PVS-Studio for Java

In the seventh version of the PVS-Studio static analyzer, we added support for the Java language. It's time to tell you a little about how we started to make support for the Java language, what we did and what further plans. And, of course, the article will show the first tests of the analyzer on open source projects.

PVS-Studio

For Java developers who have never heard of the PVS-Studio tool, I’ll give a very brief description of it.

PVS-Studio is a tool for detecting errors and potential vulnerabilities in the source code of programs written in C, C ++, C # and Java. Works on Windows, Linux and macOS.

PVS-Studio performs static code analysis and generates a report that helps the programmer to find and fix defects. For those who are interested in exactly how PVS-Studio is looking for errors, I suggest you to read the article " Technologies used in the PVS-Studio code analyzer to search for errors and potential vulnerabilities ."

Start

I could come up with a smart story, as we had been thinking for two years about which next language to support in PVS-Studio. The fact that Java is a reasonable choice, based on the high popularity of this language and so on.

However, as it happens in life, everything was decided not by a deep analysis, but by an experiment :). Yes, we were thinking in which direction to further develop the PVS-Studio analyzer. Considered such programming languages as: Java, PHP, Python, JavaScript, IBM RPG. And we were inclined towards the Java language, but the final choice was still not made. Those whose eyes are stuck on an unfamiliar IBM RPG, refer here to this note , from which everything will become clear.

At the end of 2017, colleague Yegor Bredikhin looked at what ready-made libraries for parsing code (in other words, parsers) for new directions interesting to us. And I came across several projects for parsing Java code. Based on Spoon , he quickly managed to make a prototype analyzer with a pair of diagnostics. Moreover, it became clear that we could use some C ++ analyzer mechanisms using SWIG in a Java analyzer. We looked at what happened and realized that our next analyzer would be for Java.

Thanks to Yegor for his initiative and active work he has done on the Java analyzer. He described exactly how the development was in the article " Development of a new static analyzer: PVS-Studio Java ".

Competitors?

There are many free and commercial static code analyzers for Java in the world. Enumerating them all in the article does not make sense, and I just leave a link to " List of tools for static code analysis " (see section Java and Multi-language).

However, I know that first of all we will be asked about IntelliJ IDEA, FindBugs and SonarQube (SonarJava).

IntelliJ IDEA

IntelliJ IDEA has a very powerful static code analyzer built into it. Moreover, the analyzer is developing, and its authors are closely monitoring our activities. With IntelliJ IDEA we will be the hardest. We will not be able to surpass IntelliJ IDEA in diagnostic capabilities, at least for now. Therefore, we will try to concentrate on our other advantages.

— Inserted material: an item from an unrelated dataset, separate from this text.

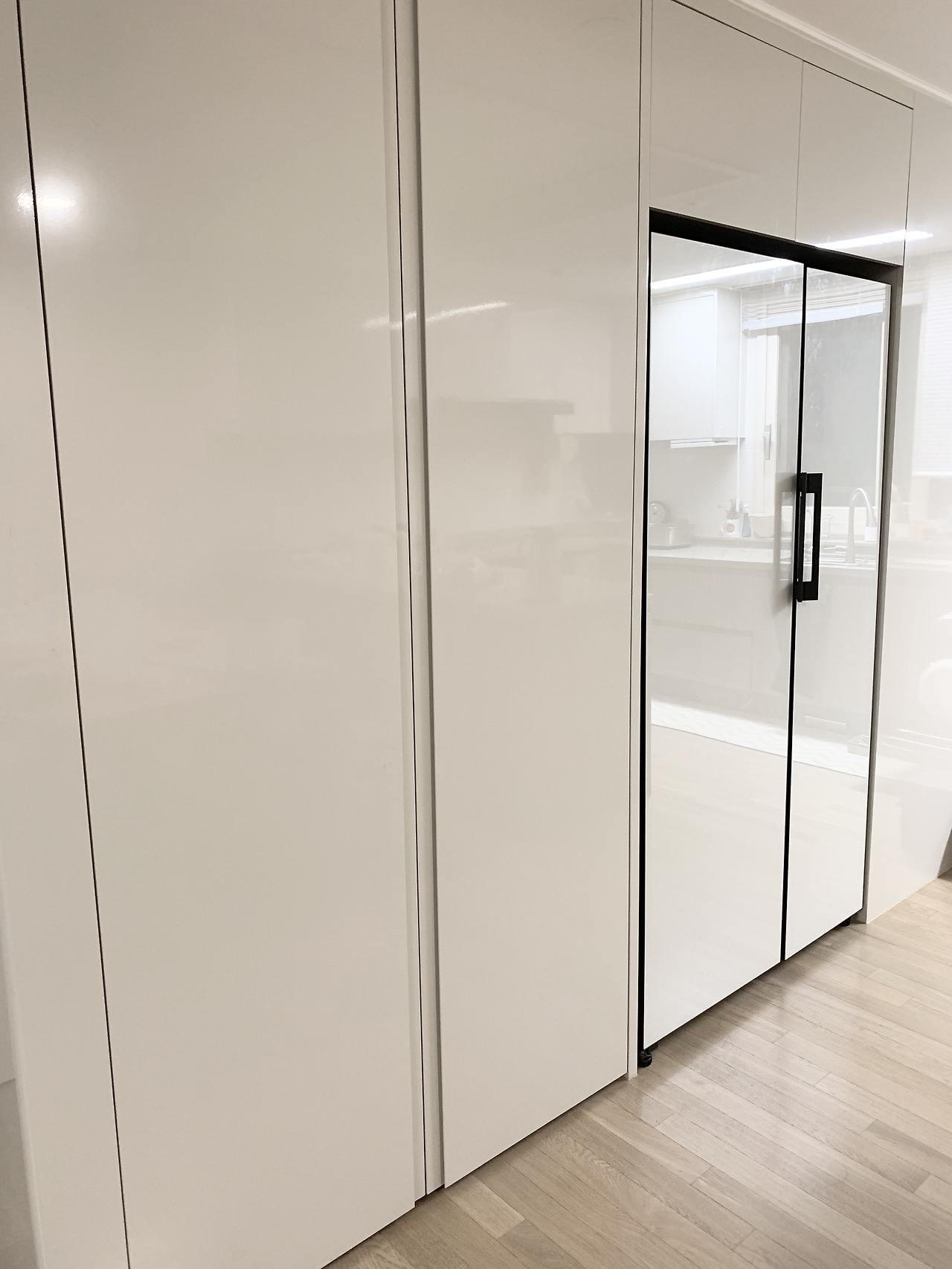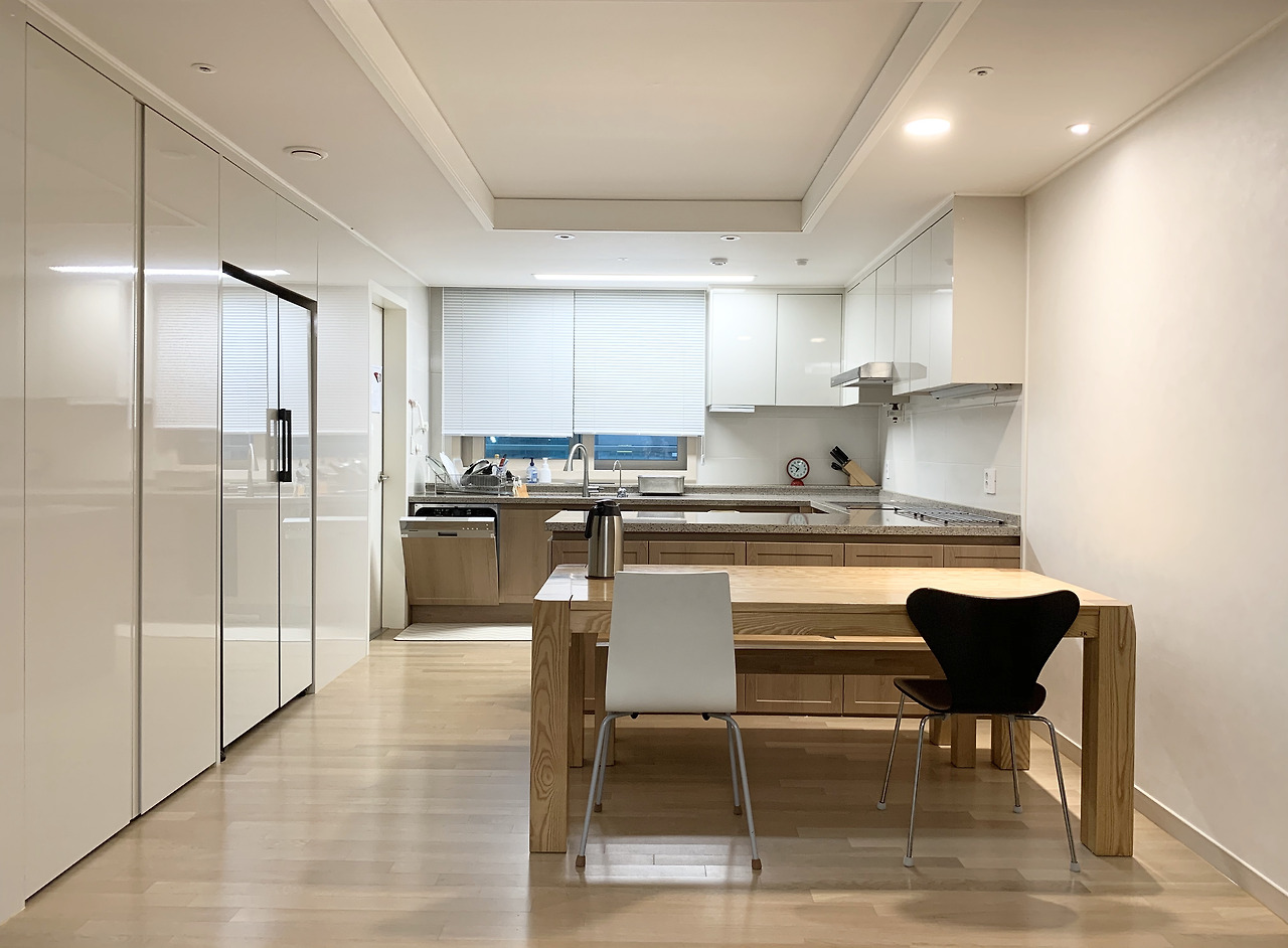김치냉장고가 수납장 안에 있으면 두 번 문을 여는 수고를 해야 한다. 하지만 그대로 둔다면 훨씬 미니멀해 보이는 효과가 있다.

Static analysis in IntelliJ IDEA is, first of all, one of the design environment chips, which imposes certain restrictions on it. We are free in what we can do with our analyzer. For example, we can quickly adapt the analyzer to the specific needs of the customer. Fast and deep support is our competitive advantage. Our clients directly communicate directly with programmers who are developing a particular part of PVS-Studio.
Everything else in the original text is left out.